St. Patrick's Cathedral in Armagh, Northern Ireland is the seat of the Catholic Archbishop of Armagh, Primate of All Ireland. It was built in various phases between 1840 and 1904 to serve as the Roman Catholic cathedral of the Archdiocese of Armagh, the original medieval Cathedral of St. Patrick having been appropriated by the state church called the Church of Ireland at the time of the Irish Reformation.

The Cathedral stands on a hill, as does its Anglican counterpart.

Background

The building of a Catholic cathedral at Armagh was a task imbued with great historic and political symbolism. Armagh was the Primatial seat of Ireland and its ancient ecclesiastical capital. Yet, since the Irish Reformation under Henry VIII, no Catholic Archbishop had resided there. Since the seventeenth century, the majority Catholic population of Ireland had lived under the rigours of the Penal Laws, a series of enactments which were designed, in the words of the Anglo-Irish historian Lecky, "to deprive Catholics of all civil life; to reduce them to a condition of extreme, brutal ignorance; and, to disassociate them from the soil".[citation needed] As a result, whilst to some extent tolerated, the public practice of Catholicism was almost completely extinguished and all Churches existent at the time of the enactment of the laws were ceded to the Established Church.

Thus, by the end of the eighteenth century, there were few Catholic churches and no cathedrals in existence in Ireland for a large Catholic population. Following Catholic emancipation in 1829, the need to construct churches and cathedrals to serve this population became apparent. The lack of a Catholic presence in the Primatial City of Armagh in particular became a popular cause of discontent among the emerging Catholic episcopacy, clergy and congregation.

The cathedral of Primate Crolly

Archbishop William Crolly was appointed to the Catholic See of Armagh in 1835 and almost immediately sought permission to reside in Armagh; the first Catholic Primate to do so since the Reformation. Having settled in the town, he then set about seeking a site for a new Catholic cathedral. The main difficulty in constructing a Catholic cathedral at Armagh was that the land of Armagh City and suburbs consisted almost entirely of "see-land", the mensal estate or demesne of the Protestant Primate and thus would not be available for the Catholic episcopacy to purchase. A site at the apex of Sandy Hill on the outskirts of the town had however been sold to the Earl of Dartrey.[2]

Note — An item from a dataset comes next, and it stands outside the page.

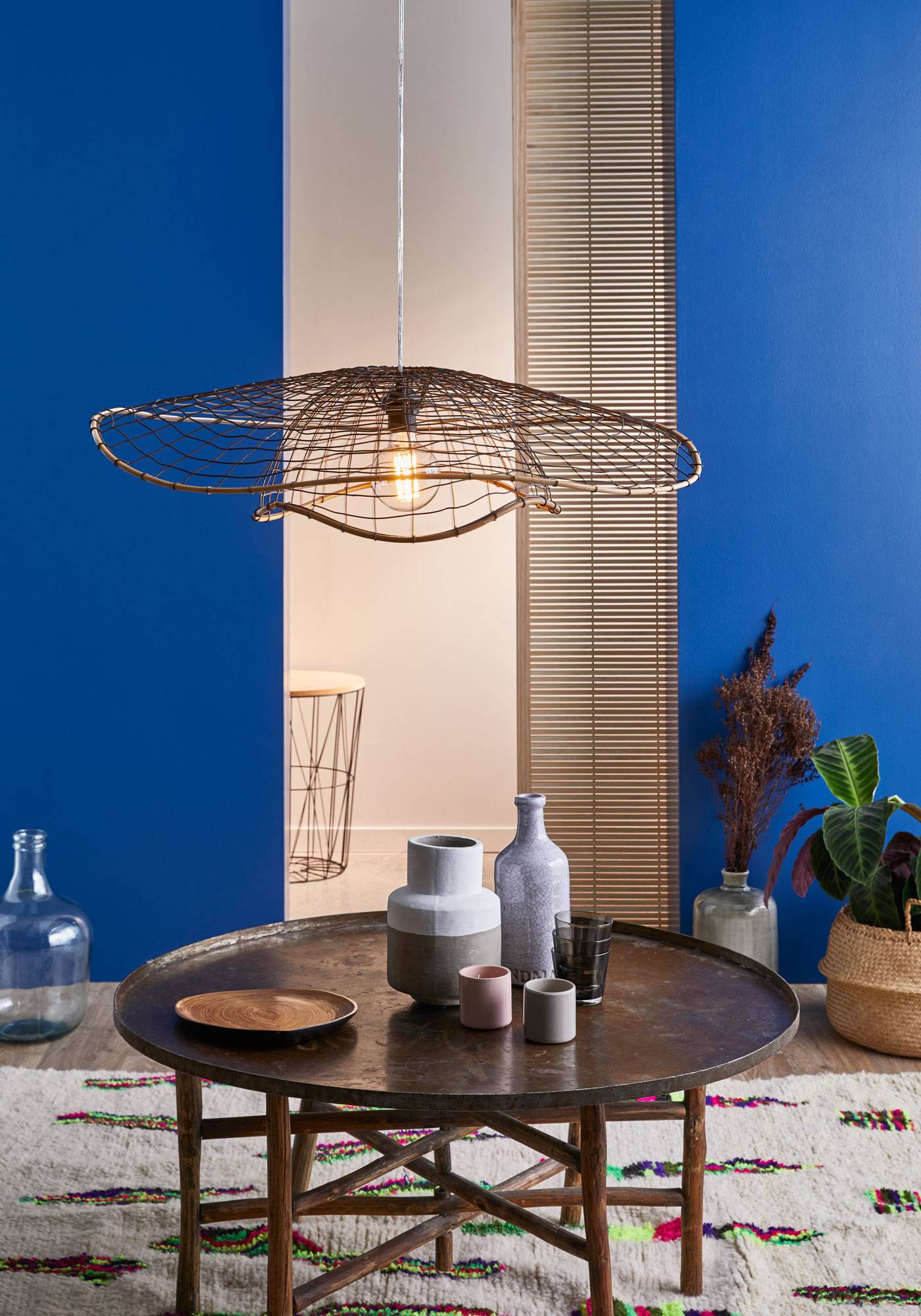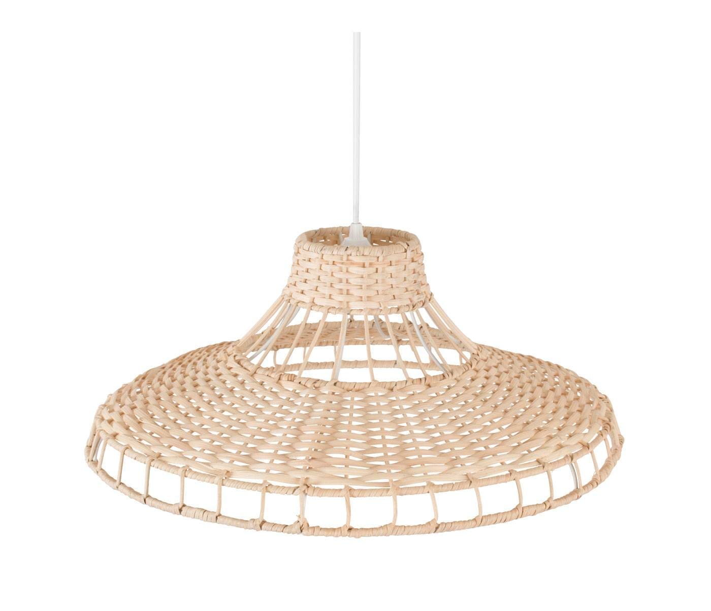 - Lanka XXL : double suspension double forme dôme plat, en métal tressé à la main et finition contour en bambou naturel. Equipée d’un cordon transparent et d’un pavillon en métal peint mat, 118,80€.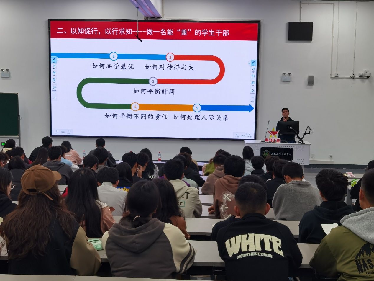 高质量发展做出应有的贡献”为主题,从党的二十大精神领学、新时代好青年的具体要求、学生干部应当培养的能力素质等内容展开详细讲述。号召学生干部要认真学习贯彻党的二十大精神,努力做到学深悟透、指导工作实践,工作中善于深入思考、勇于担当作为。

Armagh St. Patrick's Cathedral as originally designed by Thomas J. Duff c. 1840

A building committee was established and a weekly penny collection taken in for the construction project. The architect was to be Thomas Duff of Newry who had designed the Cathedral there and also the Pro-Cathedral at Dundalk. He designed a cruciform building, with nave, aisles, transepts, chancel, and choir; a large square central tower, and two smaller ones on the west front flanking the great doorway, and flush with the aisle walls, resembling York Minster. As at Dundalk, the style was a highly romanticised version of the Perpendicular Gothic of the sixteenth century. The foundation stone was laid on St Patrick's Day 1838 but as a result of the Irish Famine, work ground to a halt in 1847 with the foundations and aisles only partially complete.[2]

The cathedral of Primates Dixon and McGettigan

Archbishop Crolly was himself a victim of the famine, contracting cholera whilst tending to famine ravaged Drogheda and dying on Good Friday 1849, and was buried in the unfinished cathedral.[2] His successor, Archbishop Paul Cullen abandoned the project and moved the Primatial See to Drogheda. It was only when Cullen was translated to Dublin and Archbishop Joseph Dixon was appointed to the See of Armagh that work recommenced in 1854. By this time, Duff was dead and there had been a revolution in ecclesiastical architectural taste in Ireland. Following visits to Ireland by A. W. N. Pugin, the Perpendicular Gothic style of the sixteenth century had fallen from favour and earlier Medieval Gothic had become more popular. The architect James Joseph McCarthy, a self-styled "pupil" of Pugin, was appointed to oversee the completion of the cathedral.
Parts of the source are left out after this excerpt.